Récemment, de nombreux influenceurs ont publié des vidéos d’eux-mêmes avec jusqu’à 800 dollars d’achats de vêtements Shein, réputés de faible qualité, raconte Quentin Van Donghen, un maître de conférences en e-marketing à l’ULB. Dénoncer de tels comportements est semblable aux associations qui ont pour but de conseiller les consommateurs sur d’autres terrains, tels que Test-Achats. D’autres phénomènes de ce genre ont suscité des réactions de certains créateurs de contenu, qui se sont demandé si ces gens n’allaient pas un peu trop loin dans l’incitation à la consommation.

De nombreuses escroqueries ont également mené les utilisateurs à une réelle prise de conscience et à développer une méfiance bien justifiée. On a ainsi prouvé qu’une influenceuse réputée faisait une publicité pour du mascara de l’Oréal et portait en fait de faux cils, ce qui a provoqué un bad buzz[note]. Il y a aussi des cas d’arnaques au dropshipping, une technique de vente sans stock par des intermédiaires et utilisée par des «influvoleurs» pour inventer de fausses promotions ou conseiller des produits non conformes à la réglementation européenne.

Le maître de conférences de l’ULB analyse que les cibles des influenceurs « ont l’impression de systématiquement être confrontés à des annonces publicitaires. Ils ont perdu en crédibilité et, plus que tout, en authenticité puisque les vidéos sont travaillées en amont par les responsables marketing des marques. »

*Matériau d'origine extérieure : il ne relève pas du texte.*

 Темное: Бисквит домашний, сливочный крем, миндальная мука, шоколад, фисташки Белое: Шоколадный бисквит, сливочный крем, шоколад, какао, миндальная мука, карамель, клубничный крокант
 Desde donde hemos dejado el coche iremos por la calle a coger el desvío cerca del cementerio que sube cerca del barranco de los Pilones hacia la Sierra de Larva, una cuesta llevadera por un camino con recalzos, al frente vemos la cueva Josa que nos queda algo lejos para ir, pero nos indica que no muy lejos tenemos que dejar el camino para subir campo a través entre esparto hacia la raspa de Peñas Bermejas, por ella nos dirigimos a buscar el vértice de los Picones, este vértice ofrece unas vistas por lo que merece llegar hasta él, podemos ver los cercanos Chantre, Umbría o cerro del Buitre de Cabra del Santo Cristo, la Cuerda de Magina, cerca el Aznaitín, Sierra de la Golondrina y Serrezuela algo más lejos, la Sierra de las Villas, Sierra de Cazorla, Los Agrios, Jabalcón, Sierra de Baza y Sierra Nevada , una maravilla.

Malgré la méfiance en hausse, l’industrie du marketing d’influence se porte toujours à merveille et a généré 16 milliards de dollars en 2022. Une enquête de Google Surveys, menée en avril 2022, révélait toutefois que 41% des consommateurs britanniques ne faisaient jamais confiance aux produits et services proposés dans des vidéos de créateurs de contenus.

Les désinfluenceurs opèrent une forme de « déconsommation ». Cet objectif traduit le fait que si certains vendent des produits, d’autres vendent des idéaux.

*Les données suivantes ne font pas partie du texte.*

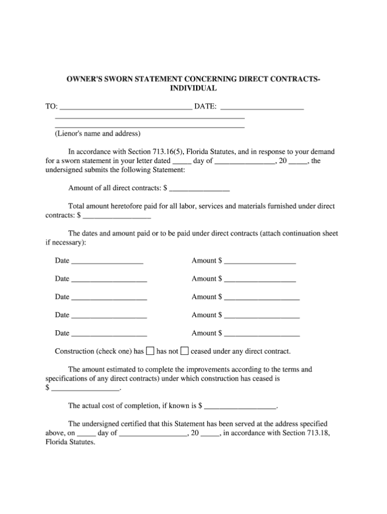Sworn Statement for Contractor Template (Word PDF) Free Trial

Dans son mémoire intitulé Les influenceurs et la communication commerciale: enjeux régulatoires, Andréa Jimenez a expliqué comment de nouvelles recommandations plus claires, plus précises et contraignantes « renforceraient la légitimité des influenceurs et le côté professionnel de leur métier, limiteraient les dérives des annonceurs et solidifieraient la mise en garde contre les vendeurs peu scrupuleux ».

Des études montrent « les impacts négatifs que certains influenceurs peuvent avoir sur les jeunes en les poussant à acheter des produits de contrefaçon, mauvais pour leur santé ou même issus de marques qui ne fournissent jamais la commande payée ». Cela a incité les pouvoirs publics à s’emparer du sujet. La France a voté une loi sur l’influence qui a déjà mené à des condamnations. Le gouvernement belge a, quant à lui, dévoilé, en janvier 2024, un document qui incite les influenceurs à préciser quand ils font de la pub. Ce n’est qu’un premier pas, mais il est la preuve que l’on s’y intéresse de plus en plus… Et cela crée de l’espace pour les désinfluenceurs.

Les trop rares désinfluenceurs sont motivés par la question climatique et peuvent donc tourner le dos à des marques comme Shein et Temu, à l’impact environnemental désastreux. Les désinfluenceurs ont cette capacité de mettre en lumière des enjeux sociétaux qui peuvent sensibiliser un public peu tourné vers les médias traditionnels.